JP3903473B2 - Particle size distribution measuring device - Google Patents

Description

[0001]
BACKGROUND OF THE INVENTION
The present invention relates to a method for calculating a particle size distribution of a particle group based on measurement information of scattered light generated by irradiating the dispersed particle group with basic light.
[0002]
[Prior art]
Conventionally, as one of methods for measuring the particle size distribution of small particle groups, a so-called dynamic scattering type particle size distribution measuring method is known. This method utilizes the fact that the intensity of scattered light fluctuates over time due to the Brownian motion of these particles when the dispersed particles are irradiated with basic light, as shown in Patent Document 1, The particle size distribution is calculated by analyzing the fluctuation signal.
[0003]
[Patent Document 1]
[Patent Document 1] Japanese Unexamined Patent Application Publication No. 2002-221479
[Problems to be solved by the invention]
However, when a small amount of particle groups of different diameters are mixed in the predetermined particle group, the light fluctuation signal from the minute amount of different diameter particle groups is the light fluctuation signal scattered from the majority of the predetermined particle groups. It is buried inside and ignored. Also, in order to eliminate the ghost distribution that appears from noise etc. at the stage of calculating the particle size distribution, a certain threshold level is set at the time of distribution calculation. If the distribution of particle groups of different diameter is below the threshold level, there is no distribution May be converted.

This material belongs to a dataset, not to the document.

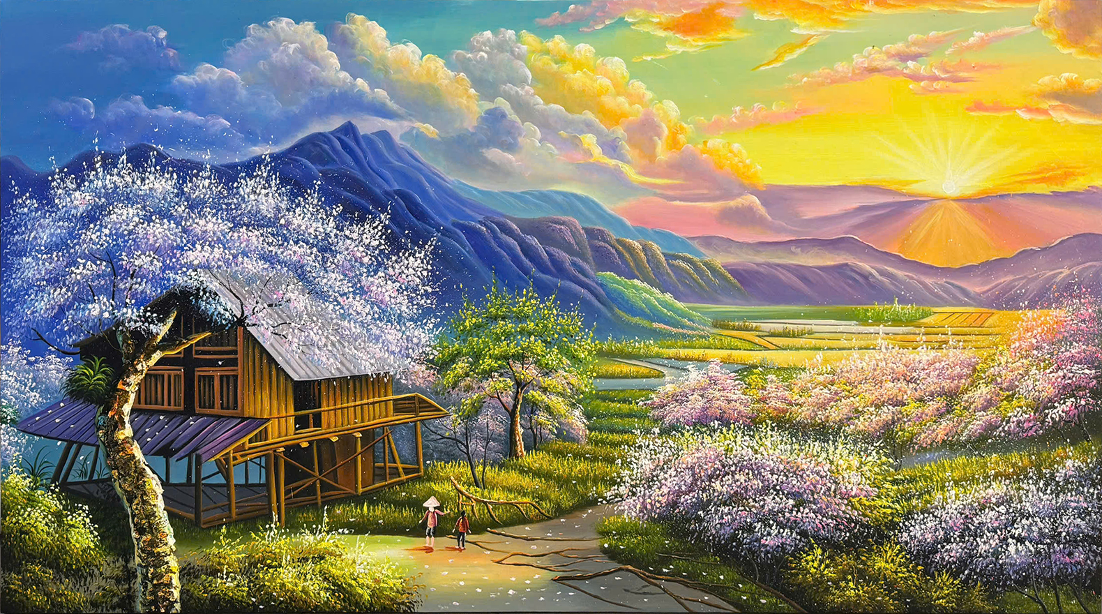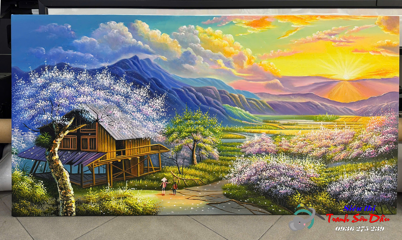 Tranh sơn dầu bình minh trên núi Tây Bắc STT558 tại Minh Hưng Gallery được vẽ bằng tay 100% bằng màu sơn dầu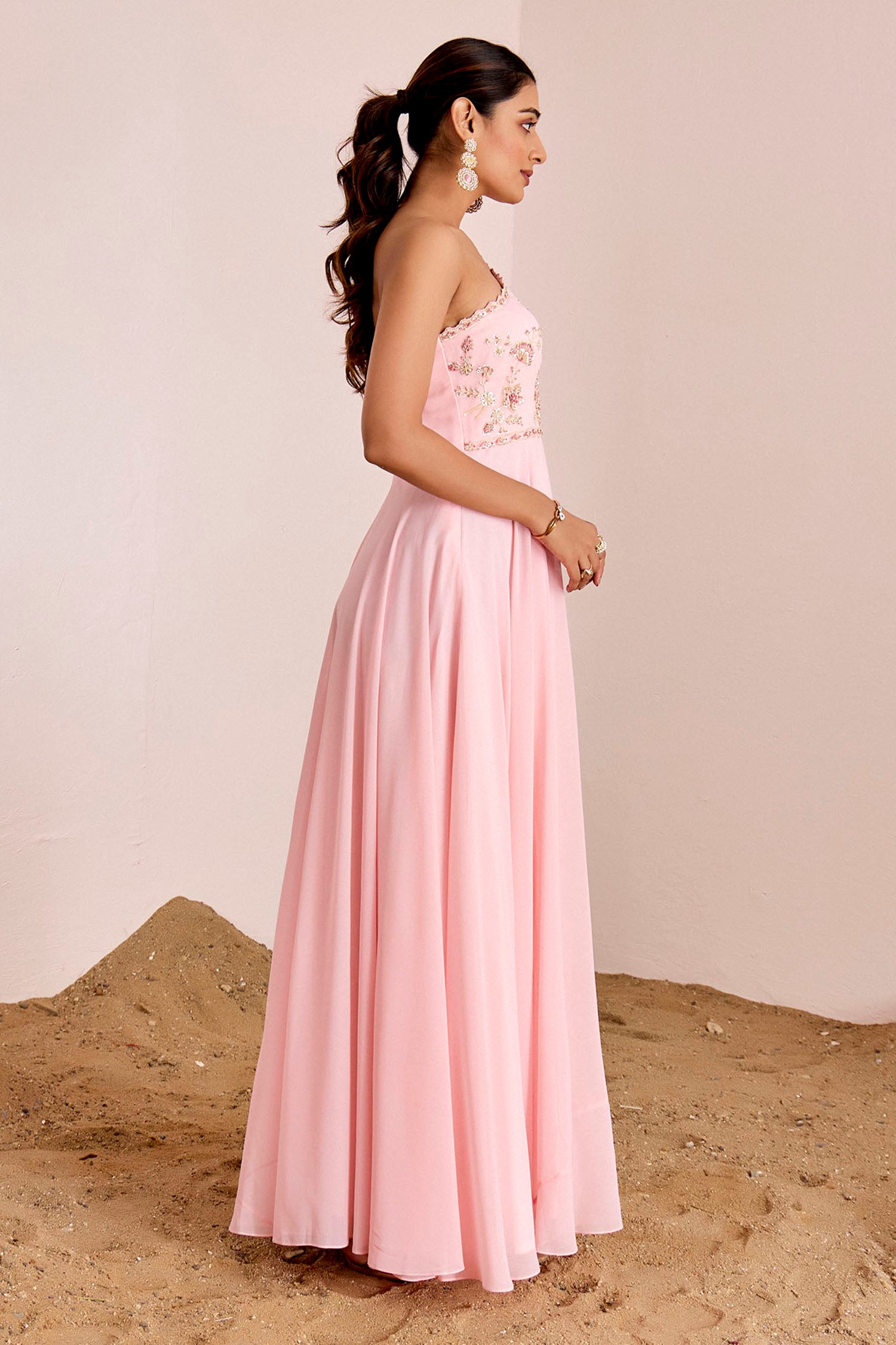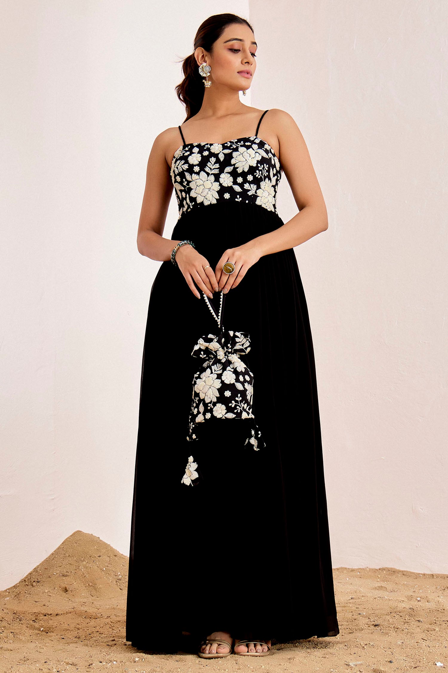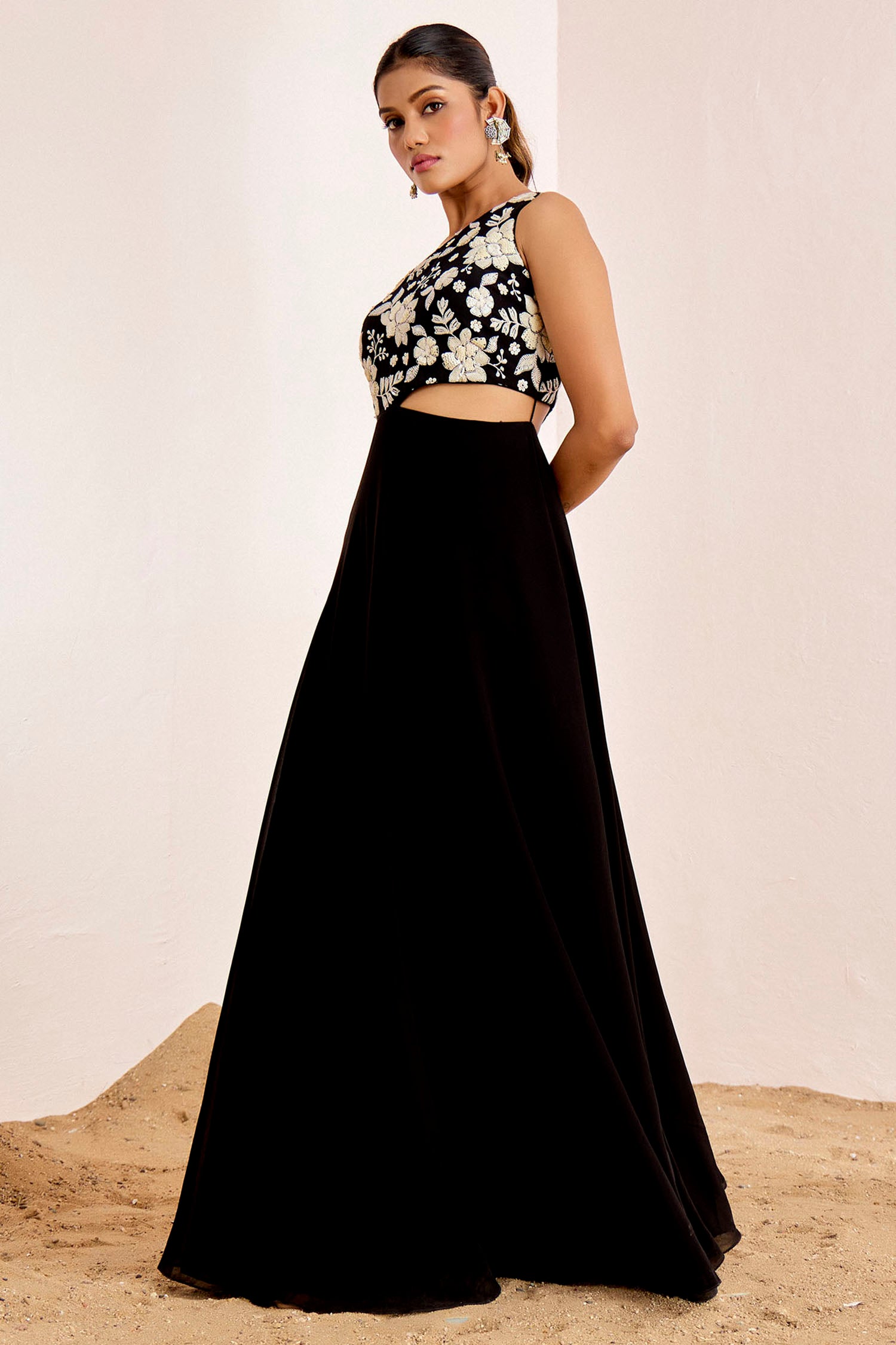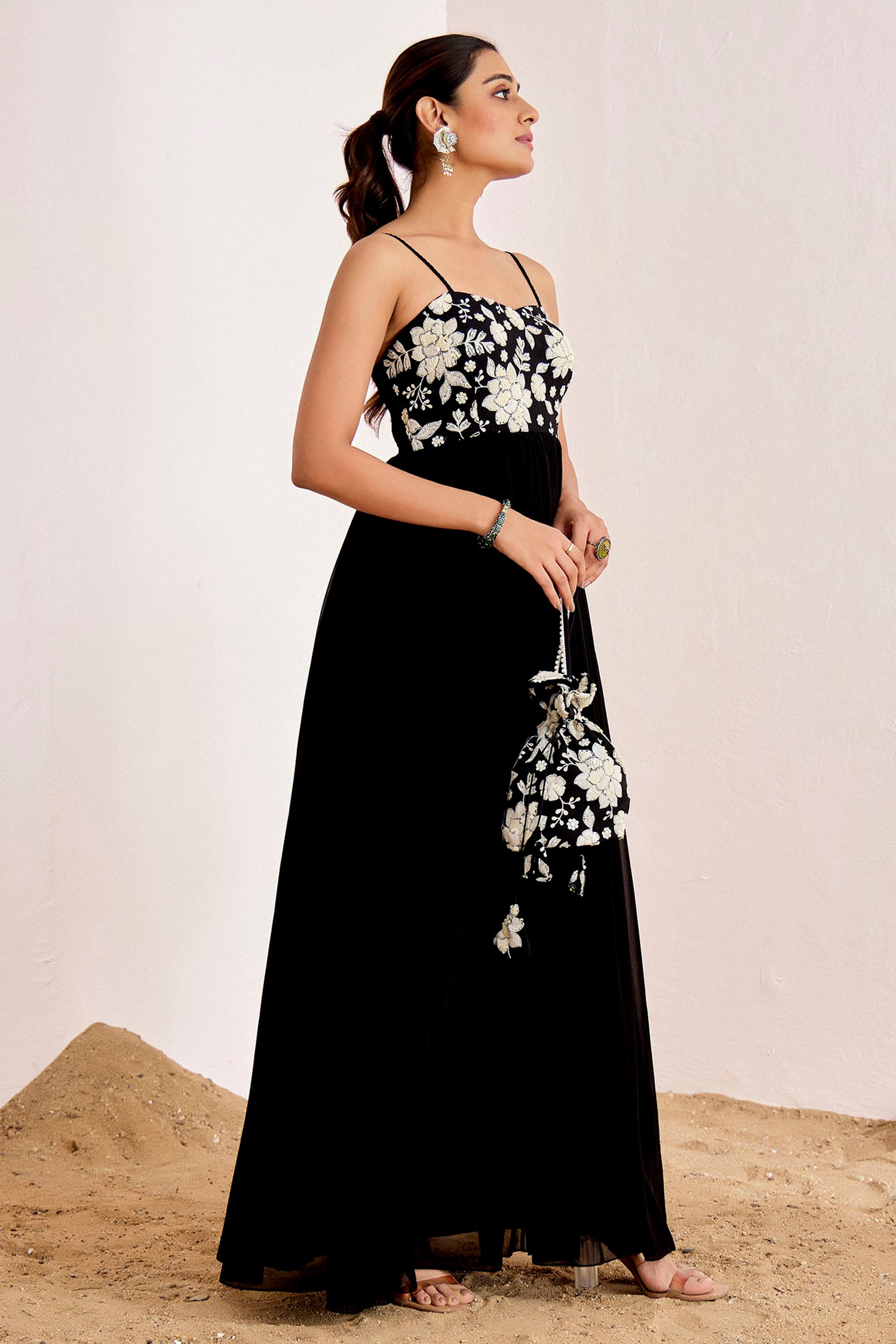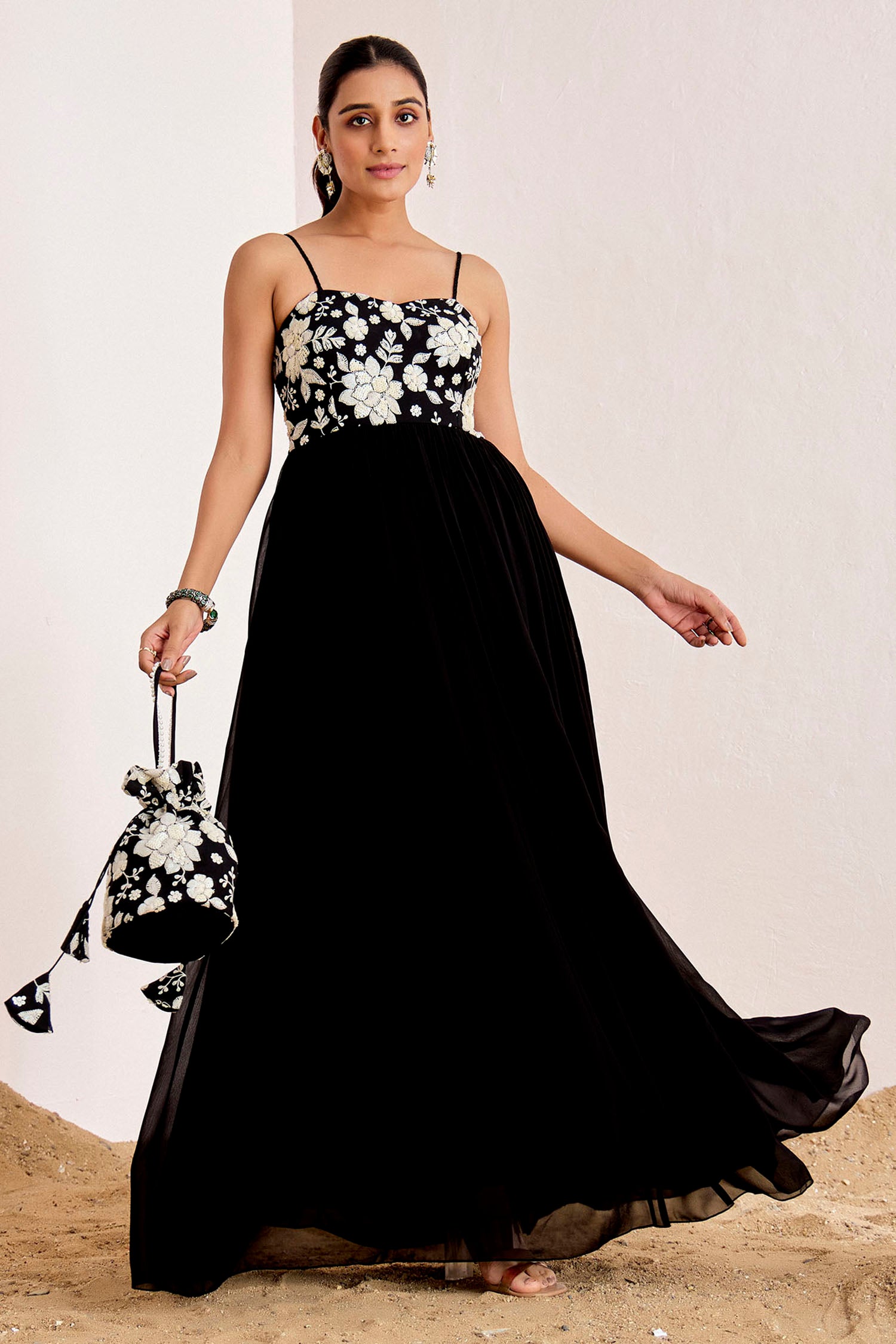 Thread Embroidered Floral Gown with Gathers and Chudi Sleeves

Furthermore, since the particle size distribution is replaced with the ratio distribution of 100% as a whole, the distribution shape is displayed as a distribution shape close to 0% in distribution and may not be recognized by the operator.
[0005]
Therefore, this problem is not only the dynamic scattering type particle size distribution measuring method, but also other particle size distributions such as the so-called scattering / diffraction type particle size distribution measuring method for measuring the particle diameter distribution by the angular distribution of scattered light intensity. The same applies to the measurement method.
[0006]
In view of this, the present invention provides a method for measuring the particle size distribution of this type, even when a small number of different-sized particle groups are mixed in a large number of predetermined particle groups. The main problem is to make it possible to calculate the value.
[0007]
[Means for Solving the Problems]
That is, the particle size distribution measuring method according to the present invention is a method for calculating the particle size distribution of the particle group included in the sample based on the scattered light information obtained from the scattered light generated by irradiating the sample with basic light. Te, along with obtaining a reference scattered light information from the reference scattered light generated by irradiating the fundamental light to a reference sample containing only a predetermined particles, the comprises the majority of the predetermined particle group, another diameter in addition to traces of its Scattered light information acquisition step for obtaining measurement sample scattered light information from measurement sample scattered light generated by irradiating basic light to a measurement sample comprising a measurement target particle group, and each obtained in the scattered light information acquisition step Based on the difference information generation step of taking the difference of the scattered light information and generating difference information, and the difference information generated in the difference information generation step, the difference is included in the measurement sample. It is characterized by having a particle size distribution calculation step of calculating a particle size distribution of the measured particles.
[0008]
If it is such, it will become possible to measure the particle size distribution of the small-diameter particles having different diameters contained in a large number of particle groups. For example, in quality control of products, it is possible to make a pass / fail judgment for products by measuring differences using this method using a genuine product as a reference sample and a manufactured product as a measurement sample, contributing to more precise quality control. it can. Specifically, when a defective product is mixed, the particle size distribution of the defective product can be known.
[0009]
Specific scattered light information in the so-called dynamic scattering type particle size distribution measuring method includes fluctuation information indicating fluctuation of scattered light intensity and power spectrum information calculated from fluctuation information indicating fluctuation of scattered light intensity. Can do. In addition, various calculation result information obtained from the fluctuation information may be used as scattered light information.
[0010]
On the other hand, specific scattered light information in the scattering / diffraction particle size distribution measuring method can include information on the angular distribution of scattered light intensity. Here, the “information about X” means not only information indicating X itself but also related information calculated based on X.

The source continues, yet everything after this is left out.